In the copy, keep every word of the data below and none of its pictures.

(INFORMATION PROVIDED begins)

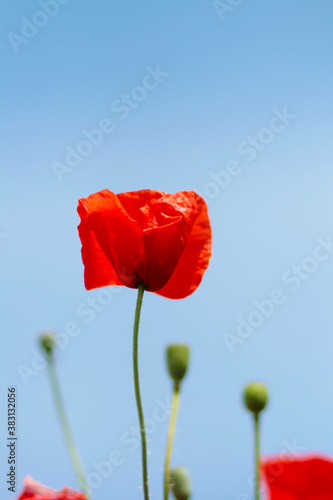Naklejka premium Blooming poppy field. Red poppy flower close up
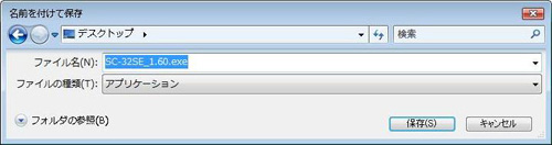 - 「名前を付けて保存」の画面が表示されますので、「SC-32SE_1.60.exe」を保存する場所を指定し、[保存]ボタンをクリックします。
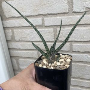 昨日ホムセンに鹿沼とガーデニング用の土を買いに行き、ミミカカグサとは別にハオルチアを買って帰ってました😂 このハオルチアだけ名前が付いていて、ゴーストと書いてました👻 確かに色味は薄い黄緑。 ただ徒長気味なので、我が家のスパルタ育成で美しい姿にしてみましょう😆 花芽も1本チョンパ✂️ 2枚目はこの冬枯らしかけた玉扇斑入り💧 なんとか生き返った!?ような🤔 斑入りの成長の遅さすごい… 冬にパサパサになってた天津も、ムチムチになってきて一安心😮💨 レアはほぼ持ってないけど、ハオルチアは持ってないの見かけたら買ってきてしまう🤭

(INFORMATION PROVIDED ends)

THE COMPLETED TASK:
Naklejka premium Blooming poppy field. Red poppy flower close up
 - 「名前を付けて保存」の画面が表示されますので、「SC-32SE_1.60.exe」を保存する場所を指定し、[保存]ボタンをクリックします。
 昨日ホムセンに鹿沼とガーデニング用の土を買いに行き、ミミカカグサとは別にハオルチアを買って帰ってました😂 このハオルチアだけ名前が付いていて、ゴーストと書いてました👻 確かに色味は薄い黄緑。 ただ徒長気味なので、我が家のスパルタ育成で美しい姿にしてみましょう😆 花芽も1本チョンパ✂️ 2枚目はこの冬枯らしかけた玉扇斑入り💧 なんとか生き返った!?ような🤔 斑入りの成長の遅さすごい… 冬にパサパサになってた天津も、ムチムチになってきて一安心😮💨 レアはほぼ持ってないけど、ハオルチアは持ってないの見かけたら買ってきてしまう🤭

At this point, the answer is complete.